*** Opening Information ***

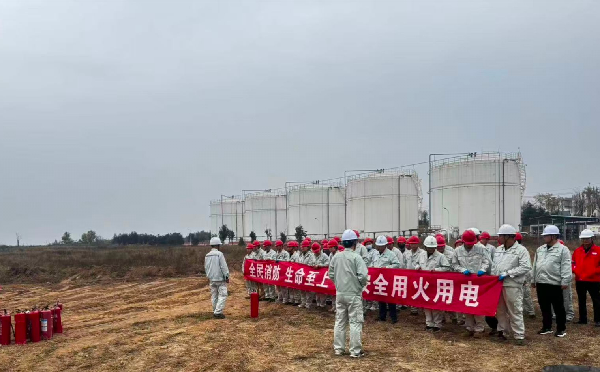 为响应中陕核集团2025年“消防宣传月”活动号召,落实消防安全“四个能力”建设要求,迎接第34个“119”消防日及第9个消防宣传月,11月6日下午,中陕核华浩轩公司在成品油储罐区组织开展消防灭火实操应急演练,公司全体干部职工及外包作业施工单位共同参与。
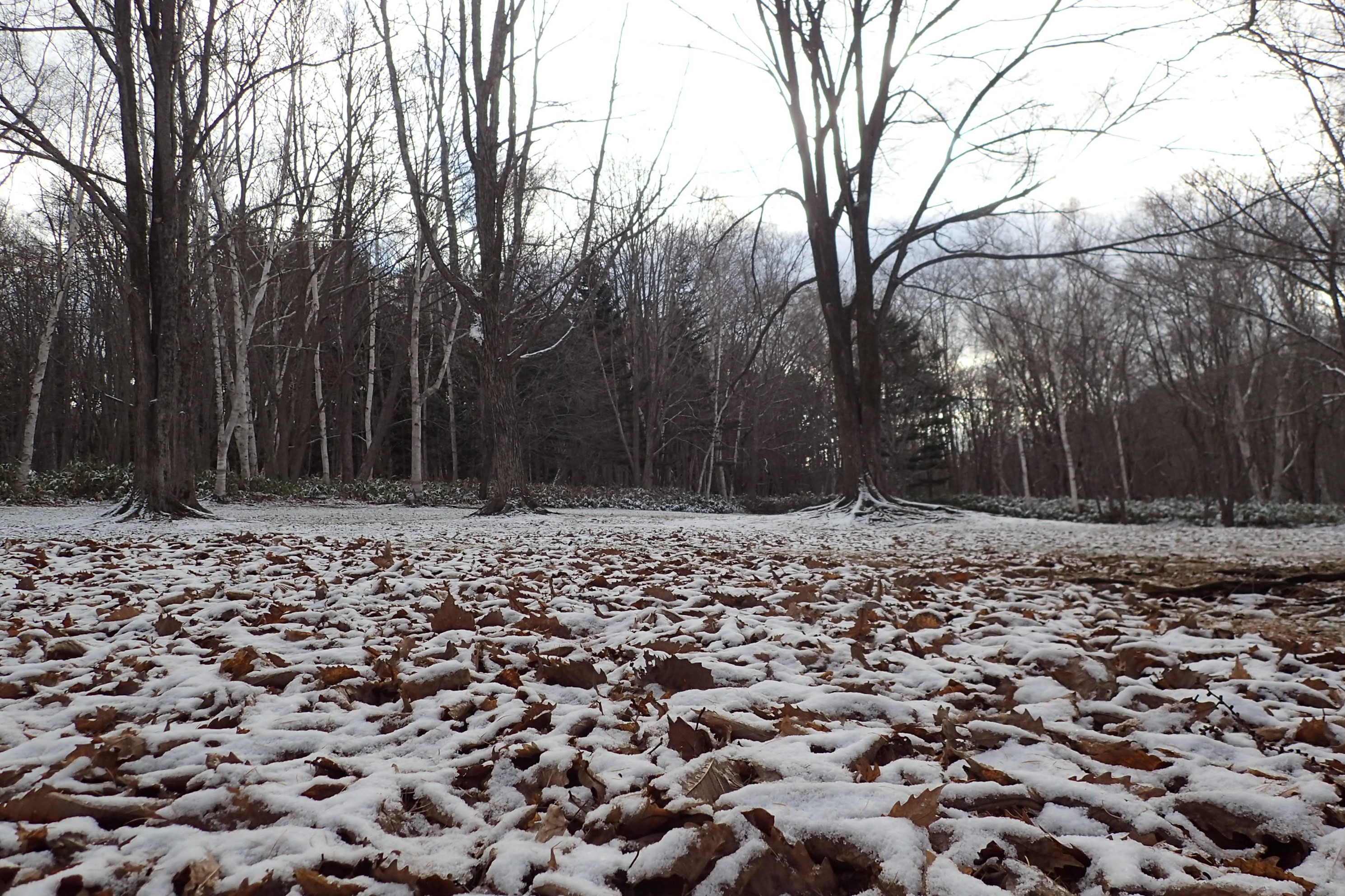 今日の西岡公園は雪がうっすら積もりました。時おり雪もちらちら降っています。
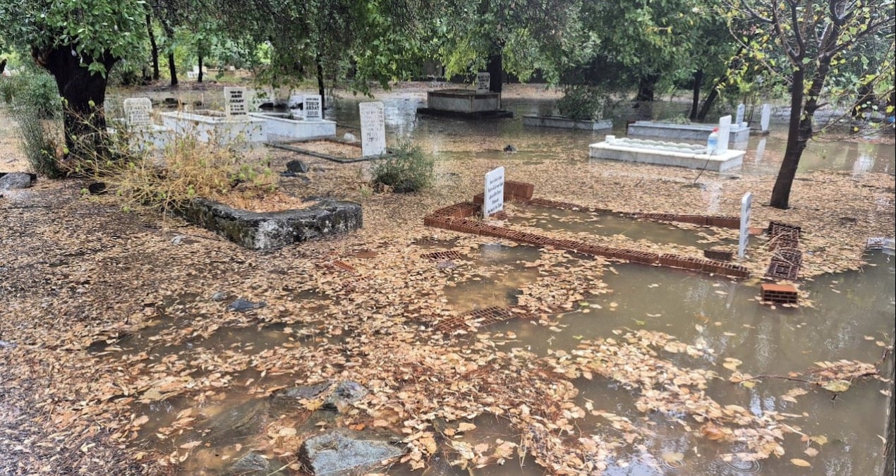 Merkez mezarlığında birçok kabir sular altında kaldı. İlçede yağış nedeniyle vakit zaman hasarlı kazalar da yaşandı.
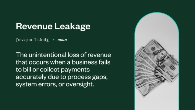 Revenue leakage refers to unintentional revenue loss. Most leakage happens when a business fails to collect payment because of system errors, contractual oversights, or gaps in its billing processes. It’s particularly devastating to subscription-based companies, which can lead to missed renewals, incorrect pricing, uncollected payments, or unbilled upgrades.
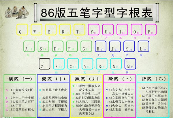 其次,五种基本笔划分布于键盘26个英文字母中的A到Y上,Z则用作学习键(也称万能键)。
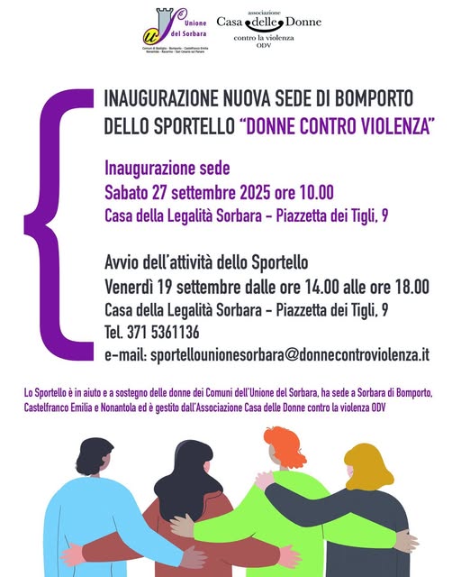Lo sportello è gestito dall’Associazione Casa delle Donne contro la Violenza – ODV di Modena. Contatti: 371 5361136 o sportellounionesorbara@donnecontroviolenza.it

*** Closing Information ***

▶ **Exercise prompt**
Everything from the line containing "其次,五种基本笔划分布于键盘" to the last line of the listing above must be reproduced exactly, with no pictures included.

▶ **Finished exercise**
 其次,五种基本笔划分布于键盘26个英文字母中的A到Y上,Z则用作学习键(也称万能键)。
Lo sportello è gestito dall’Associazione Casa delle Donne contro la Violenza – ODV di Modena. Contatti: 371 5361136 o sportellounionesorbara@donnecontroviolenza.it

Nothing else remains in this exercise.